Once the line with "自疫情发生以来,物理学系教工" is found, repeat it and all later lines exactly through the end of the listing below, with the pictures left out.

→ **INFORMATION PROVIDED**:
----------

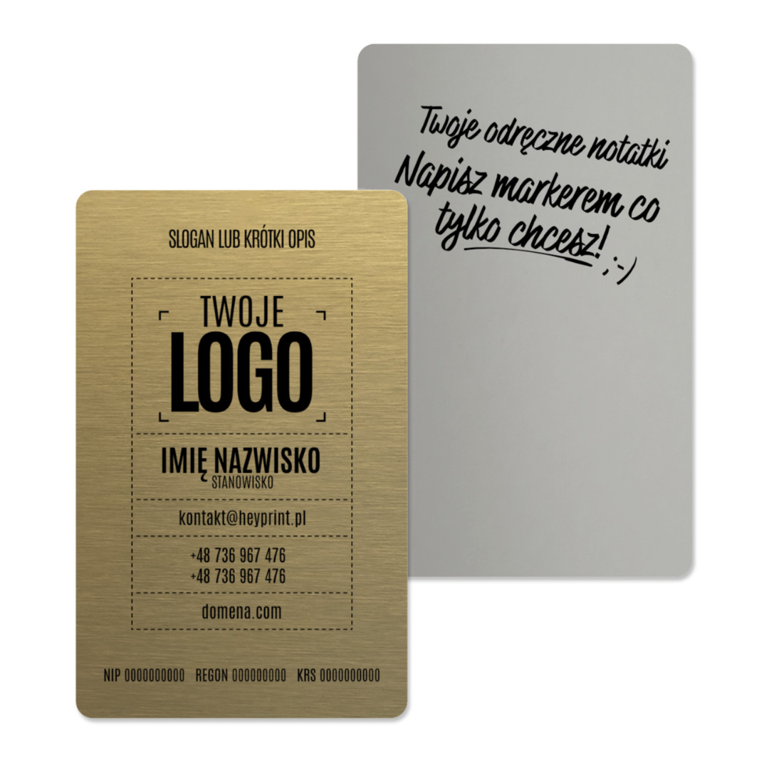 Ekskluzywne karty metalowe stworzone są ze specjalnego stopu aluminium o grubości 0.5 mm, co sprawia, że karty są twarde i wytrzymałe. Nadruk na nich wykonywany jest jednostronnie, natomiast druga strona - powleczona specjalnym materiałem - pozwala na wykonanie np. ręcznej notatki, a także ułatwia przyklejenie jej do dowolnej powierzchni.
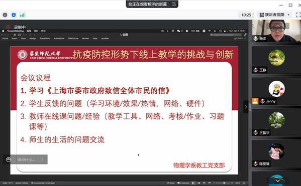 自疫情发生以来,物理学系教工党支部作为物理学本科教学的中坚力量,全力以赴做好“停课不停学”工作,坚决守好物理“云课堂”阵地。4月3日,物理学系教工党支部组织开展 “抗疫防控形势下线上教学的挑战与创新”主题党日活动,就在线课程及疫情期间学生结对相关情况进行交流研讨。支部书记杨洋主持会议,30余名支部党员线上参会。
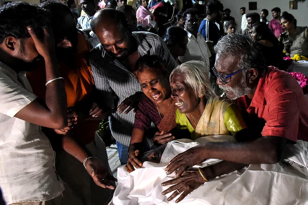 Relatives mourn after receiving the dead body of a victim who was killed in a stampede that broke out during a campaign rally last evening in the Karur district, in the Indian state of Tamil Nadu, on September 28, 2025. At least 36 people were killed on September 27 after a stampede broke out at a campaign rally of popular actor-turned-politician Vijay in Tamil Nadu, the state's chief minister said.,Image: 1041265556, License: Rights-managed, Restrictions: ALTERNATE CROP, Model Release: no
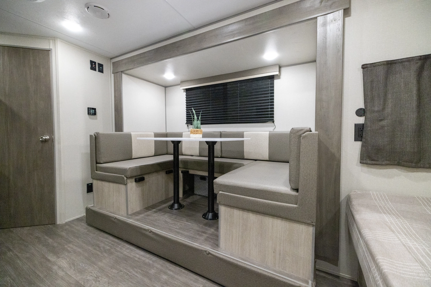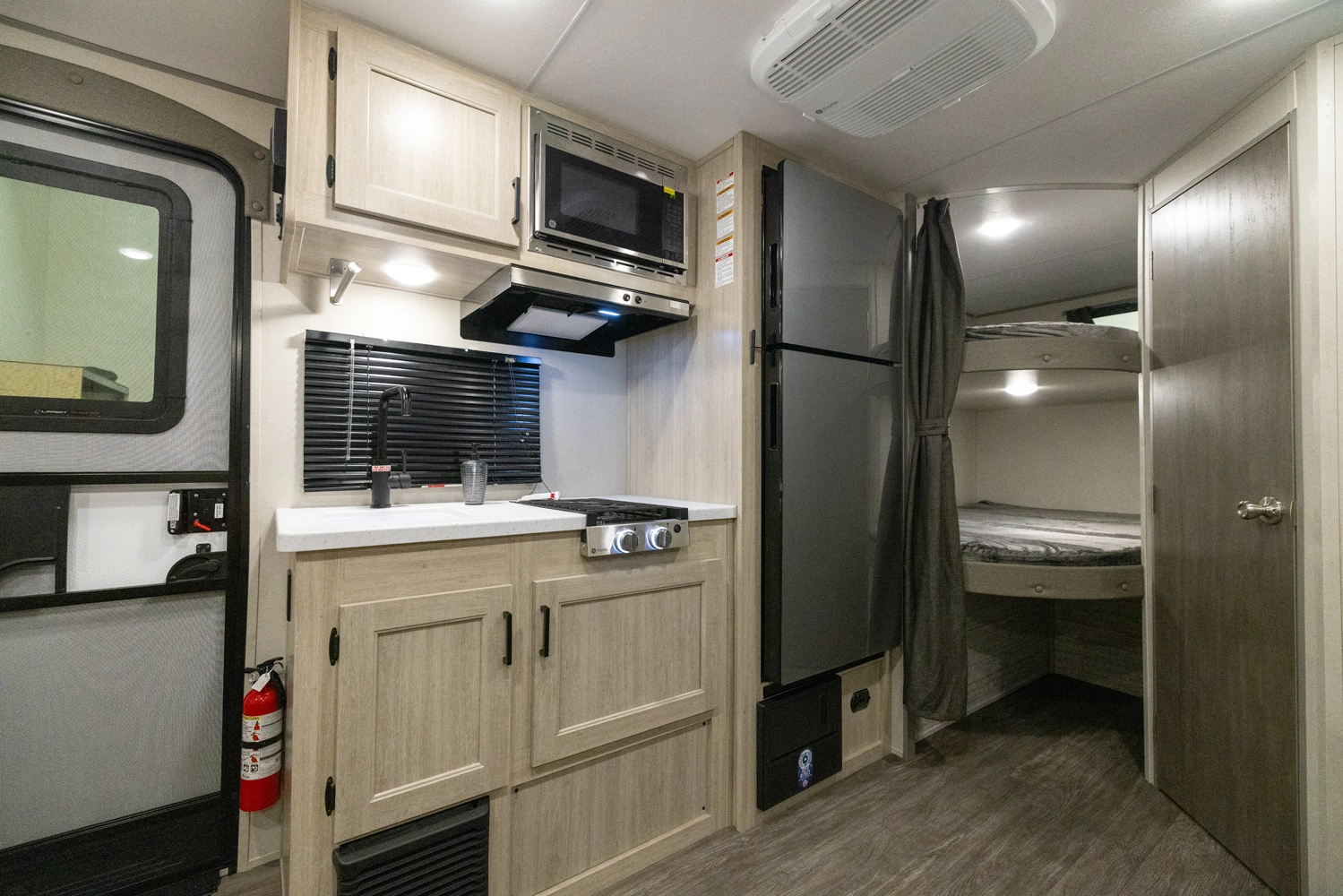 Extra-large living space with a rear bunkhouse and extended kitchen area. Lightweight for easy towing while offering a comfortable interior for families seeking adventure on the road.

----------

→ **WRITTEN ANSWER**:
 自疫情发生以来,物理学系教工党支部作为物理学本科教学的中坚力量,全力以赴做好“停课不停学”工作,坚决守好物理“云课堂”阵地。4月3日,物理学系教工党支部组织开展 “抗疫防控形势下线上教学的挑战与创新”主题党日活动,就在线课程及疫情期间学生结对相关情况进行交流研讨。支部书记杨洋主持会议,30余名支部党员线上参会。
 Relatives mourn after receiving the dead body of a victim who was killed in a stampede that broke out during a campaign rally last evening in the Karur district, in the Indian state of Tamil Nadu, on September 28, 2025. At least 36 people were killed on September 27 after a stampede broke out at a campaign rally of popular actor-turned-politician Vijay in Tamil Nadu, the state's chief minister said.,Image: 1041265556, License: Rights-managed, Restrictions: ALTERNATE CROP, Model Release: no
 Extra-large living space with a rear bunkhouse and extended kitchen area. Lightweight for easy towing while offering a comfortable interior for families seeking adventure on the road.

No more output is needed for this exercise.